* Activity *
All lines from the one containing "Полотенцесушитель электрический Сунержа" through the final line of the records below should be reproduced exactly, with the pictures left out.

* The records *
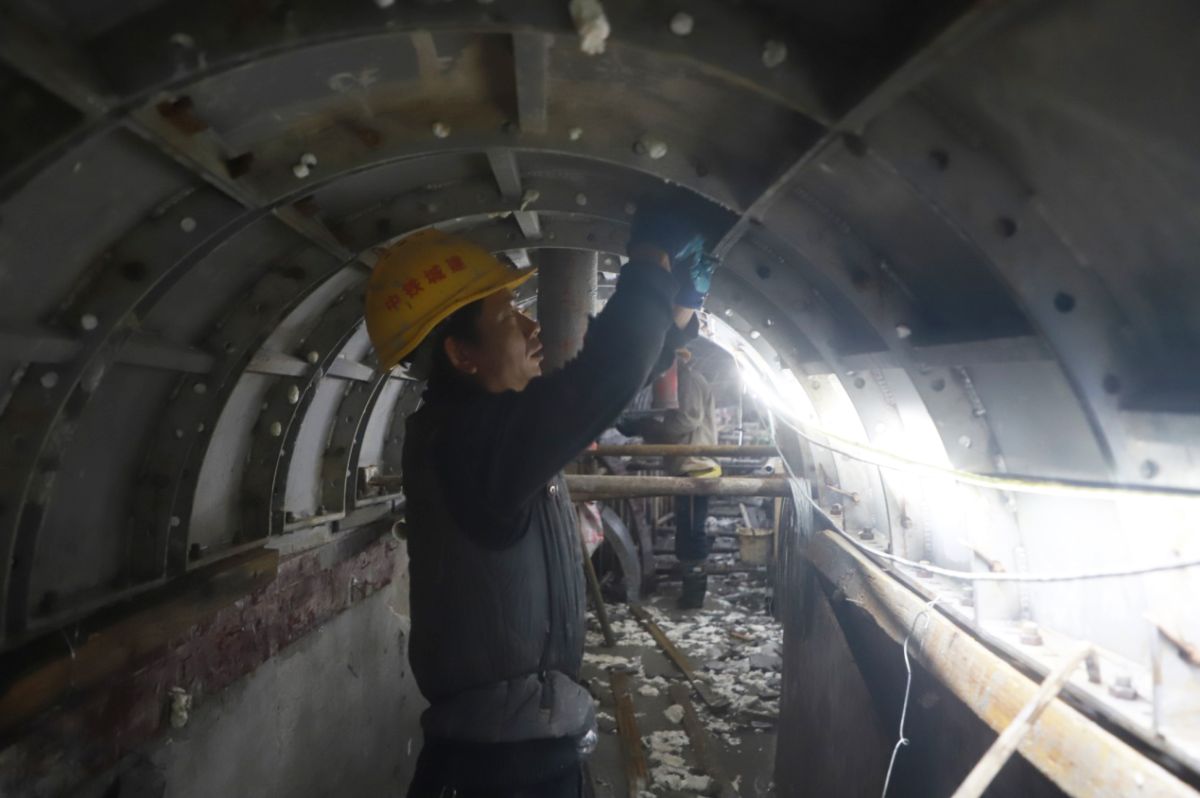 工人們正抓緊龍溪橋水庫涵洞施工
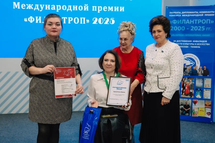 И только участников 2025 года, к счастью, заметили и решили выразить внимание и признательность. Участник Премии этого года, автор уникальных художественно-изобразительных работ, член Калининской окружной организации ВОИ Раиса Лебединец обратилась с инициативой к председателю Тюменской городской Думы Светлане Ивановой о поддержке участников конкурса и организации для них праздничного мероприятия с вручением сертификатов и благодарностей от гордумы. Инициативу Светлана Владимировна поддержала - мероприятие организовали. Правда, благодарности и подарки были предусмотрели только для участников "ФИЛАНТРОПА" 2025 года.
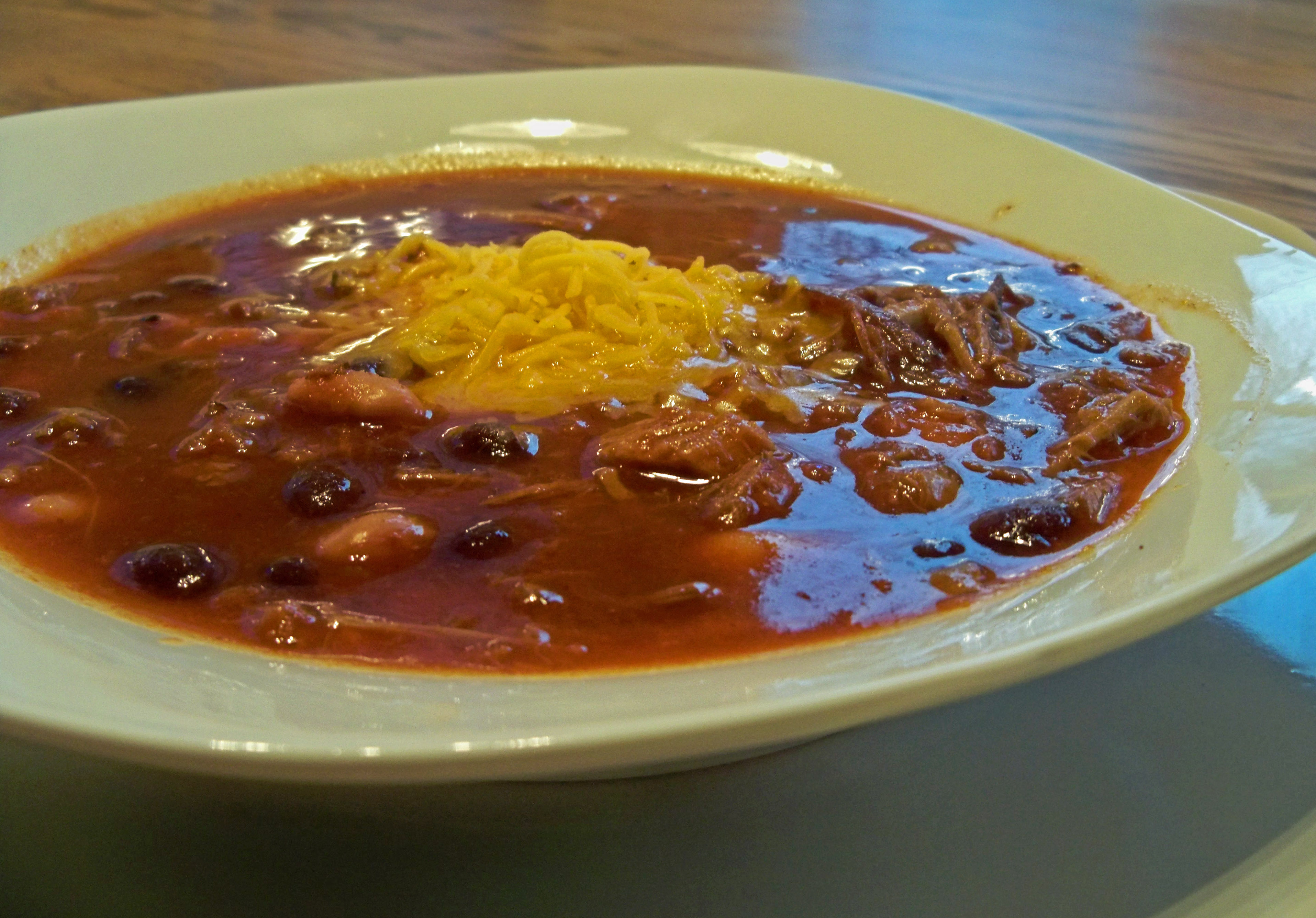 Cook the ground beef (and/or shredded roast beef) and onion until browned; drain grease. Add beans, chili powder, tomato sauce, salt, catsup, and water. Let simmer for 30-45 minutes, or until it reaches the right thickness (add water as needed to achieve desired thickness).
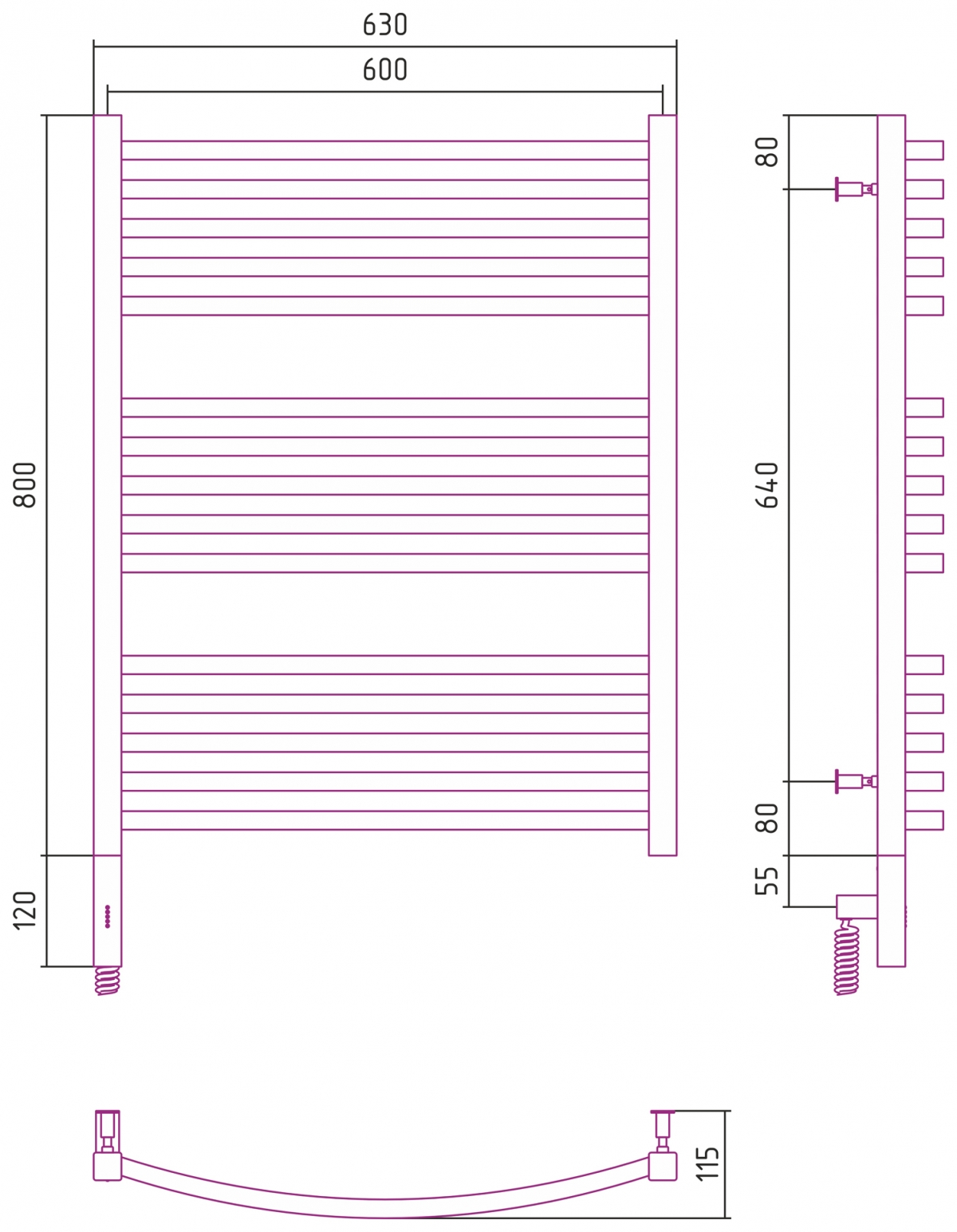 Полотенцесушитель электрический Сунержа Аркус 3.0 800x600
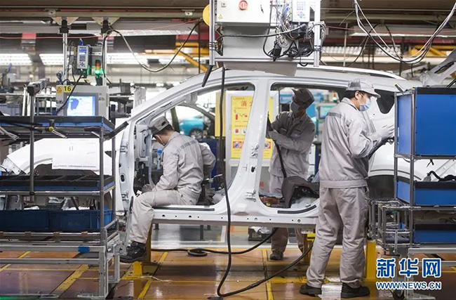 3月24日,工人在東風(fēng)乘用車公司工廠總裝車間流水線上作業(yè)。新華社記者 肖藝九 攝
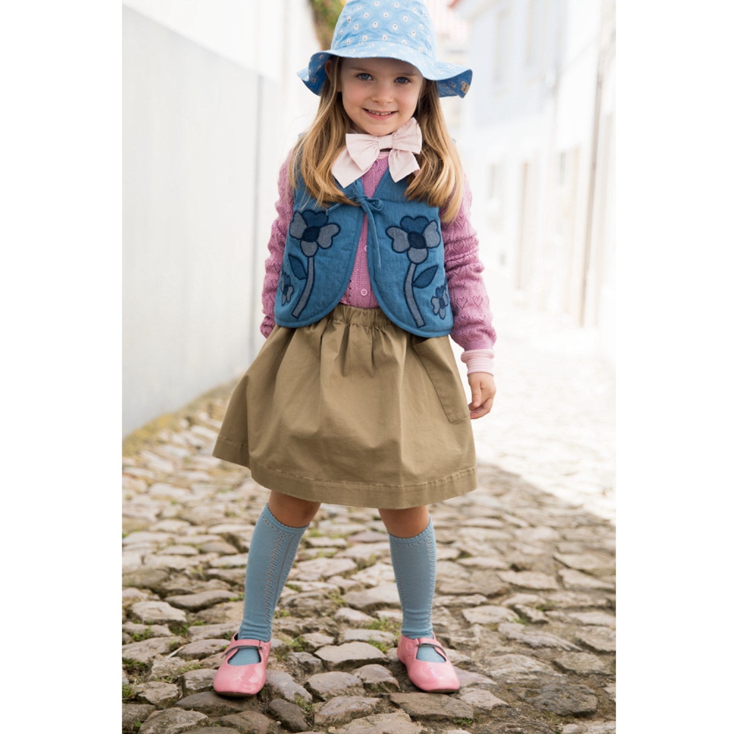 Gi barnets garderobe et tropisk tilskudd med MarMar Chino Twill Palm Leaves Simba Skjørt. Dette nydelige chino-skjørtet er laget med en behagelig elastisk linning og har et lekent palmeløv-mønster. Den utvidede designen gir god bevegelsesfrihet, og de to romslige sidelommene er praktiske for små skatter. Den over-kne lengden sørger for passende dekning for lek og moro. Lett å vedlikeholde, dette skjørtet holder både stil og komfort i hverdagens eventyr.

* Solution for this task *
 Полотенцесушитель электрический Сунержа Аркус 3.0 800x600
 3月24日,工人在東風(fēng)乘用車公司工廠總裝車間流水線上作業(yè)。新華社記者 肖藝九 攝
 Gi barnets garderobe et tropisk tilskudd med MarMar Chino Twill Palm Leaves Simba Skjørt. Dette nydelige chino-skjørtet er laget med en behagelig elastisk linning og har et lekent palmeløv-mønster. Den utvidede designen gir god bevegelsesfrihet, og de to romslige sidelommene er praktiske for små skatter. Den over-kne lengden sørger for passende dekning for lek og moro. Lett å vedlikeholde, dette skjørtet holder både stil og komfort i hverdagens eventyr.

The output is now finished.